Migas telah menjadi beban utama Indonesia, beban neraca transaksi berjalan, beban defisit perdagangan dan beban neraca pendapatan primer. Bagi pemerintah, mingas telah menjadi beban besar subsidi yang tidak terkendali yang dinikmati oleh segelintir orang yang berbisnis barang subsidi dan menggunakan BBM dan LPG subsidi secara ilegal. Kontrol dan pengawasan lemah. Ada kesan disengaja.
Tidak hanya itu, migas malah menjadi beban bagi rakyat, dan beban yang sangat besar. Beban apa? yakni beban pajak. Rakyat harus membayar pajak sangat mahal untuk mendapatkan setiap liter BBM. Rakyat bayar PPN, rakyat bayar PBBKB, rakyat bayar berbagai pungutan lain yang tidak langsung.
Maka jadilah Pertamina sebagai BUMN yang ditugaskan mencari minyak dan menjual BBM. Sekarang menjadi pedagang BBM impor yang mengeruk pajak dari konsumen BBM. Pertamina menjadi pembayar pajak terbesar, pajak yang dipungut perusahaan tersebut dari pembeli BBM. Jadi terkait migas ini negara dikuras asing dan masyarakat dikuras pajak oleh bangsa sendiri. Tragis kan?
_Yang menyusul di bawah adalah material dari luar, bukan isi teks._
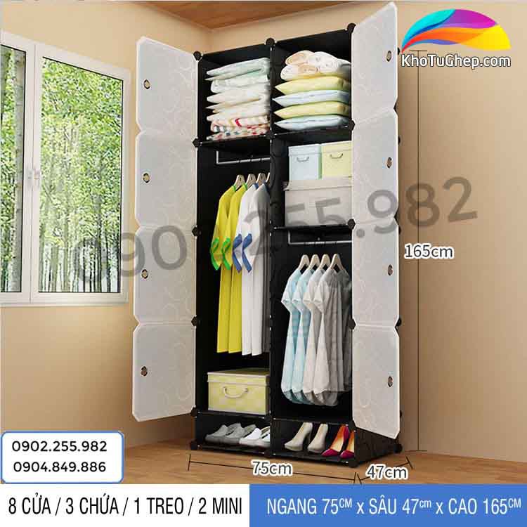 Tủ nhựa ghép 8 ô lớn - 2 ô nhỏ loại to Size 47 cm (đủ đồ, tặng kèm thanh treo)🎯 Kích thước sau khi lắp: 155x70x47 cm (cao x rộng x sâu)

Sekarang bagaimana seharusnya APBN? Seharusnya dimulai dengan mendetailkan dari mana sumber-sumber penerimaan utama APBN, terutama penerimaan Sumber Daya Alam (SDA). Apabila seluruh sumber-sumber itu mencukupi target pengeluaran, maka pajak bisa ditiadakan. Karena pajak mengganggu hal paling pokok dalam ekonomi, yakni mengurangi kemampuan ekonomi untuk tumbuh. Apalagi seperti sekarang, pertumbuhan sebagian besar disumbangkan oleh konsumsi. Jadi, pajak adalah distorsi terhadap pertumbuhan. Pajak konsumsi migas adalah pajak yang paling buruk dalam hal ini.
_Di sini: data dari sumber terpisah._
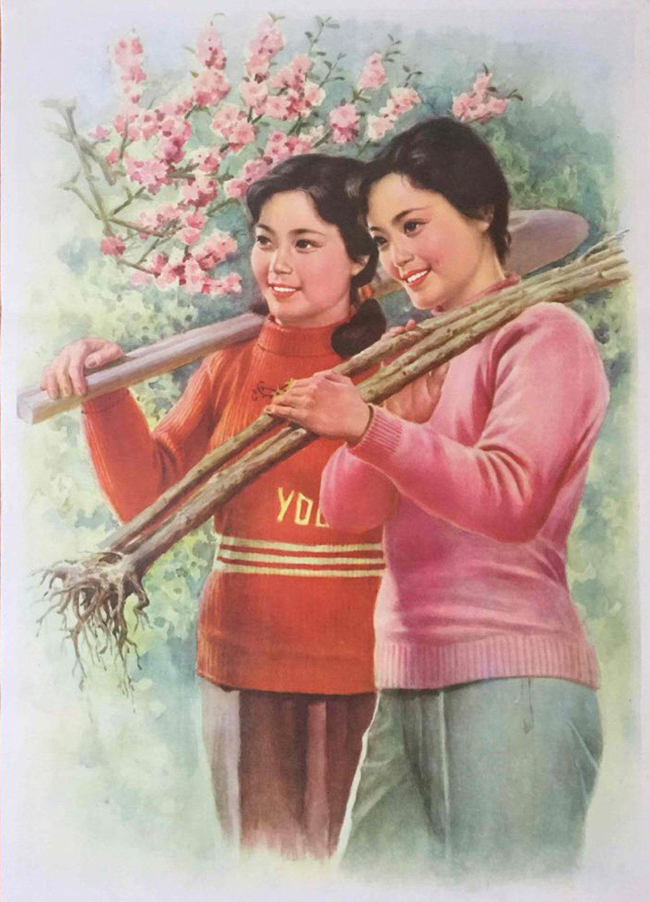 绿化祖国多植树宣传画,这幅宣传画是藏友送给我的。该画的作者为邬华敏,由四川人民出版社1983年出版。画面中,两名风华正茂的女青年并肩站立,右边扛树苗的女青年身着粉红色毛衣,灰色长裤。她身材苗条,面目清秀,微侧着脸庞,脸上的笑容比身后的桃花还美。左边身穿橘红色针织衫、梳着小辫的女青年,肩扛铁锹,目视前方,仿佛正在和身边的女友说着什么趣事。这幅宣传画色泽艳丽流畅,人物栩栩如生。其“绿化祖国多植树”的主题至今仍不过时,观之能激发人们植树造林的热情,是不可多得的一件藏品。

Lalu apa indikator utama APBN menggantikan harga minyak? Dikarenakan APBN harus kembali fokus terhadap penerimaan, maka indikatornya adalah semua hal yang berkaitan dengan penerimaan. Sumber penerimaan yang paling signifikan adalah harga sumber daya alam. Dengan harga sumber daya alam harus segera dipatok oleh pemerintah. Patokan ini harus menjadi dasar dalam penerimaan dan menjadi standar dalam perdagangan, baik di dalam negeri maupun ekspor.
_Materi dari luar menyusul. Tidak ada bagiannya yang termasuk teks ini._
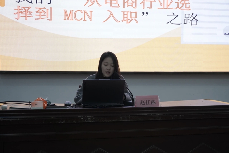讲座中,赵佳丽结合自身从校园到MCN机构的完整求职与从业经历,从职业方向选择、面试实战技巧、岗位能力提升和心态调整四个维度展开分享。在职业方向规划上,她强调精准定位的重要性,分享了自己聚焦电商行业,将拍摄剪辑岗列为首选、运营岗为次选、带货直播岗为备选的岗位优先级排序逻辑,建议学弟学妹提前明确职业诉求,避免盲目海投。她还提到自己求职初期便高效规划,三天内完成八场面试,通过对比薪资、休假制度和公司氛围等核心条件,最终做出最优职业选择。
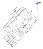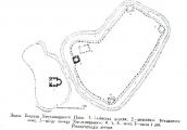 | Мал. 9. Кам’яні фундаменти і погріб [74] | Мал. 10. План замчища-садиби Б. Хмельницького в Суботові з позначенням місць розкопок [75] |
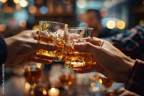 cheers glasses of whiskey in hands, for celebrating a friendly party or week ending in a bar or a restaurant.
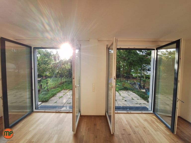 Massive Parkettböden in den Wohnräumen, ein zeitlos schönes Fliesendesign in den Sanitärräumen, eine Luftwärmepumpe für die hauseigene Heizung, einen eigenen KFZ-Stellplatz, eine Terrasse im Garten sowie im 2. Obergeschoß eine Dachterrasse. Ein besonderer Bonuspunkt ist die auf Allgemeingrund verfügbare Ladestation für E-Autos.

Cobalah dihitung manfaat cara ini. Coba dimulai dulu oleh pemerintahan baru Prabowo- Gibran untuk memulai dengan audit migas secara menyeluruh dan audit sumber daya alam juga secara menyeluruh. Audit dengan sebaik baiknya dan sejujur jujurnya. Mungkin ini langkah yang paling berarti dalam meraih Indonesia emas 2045.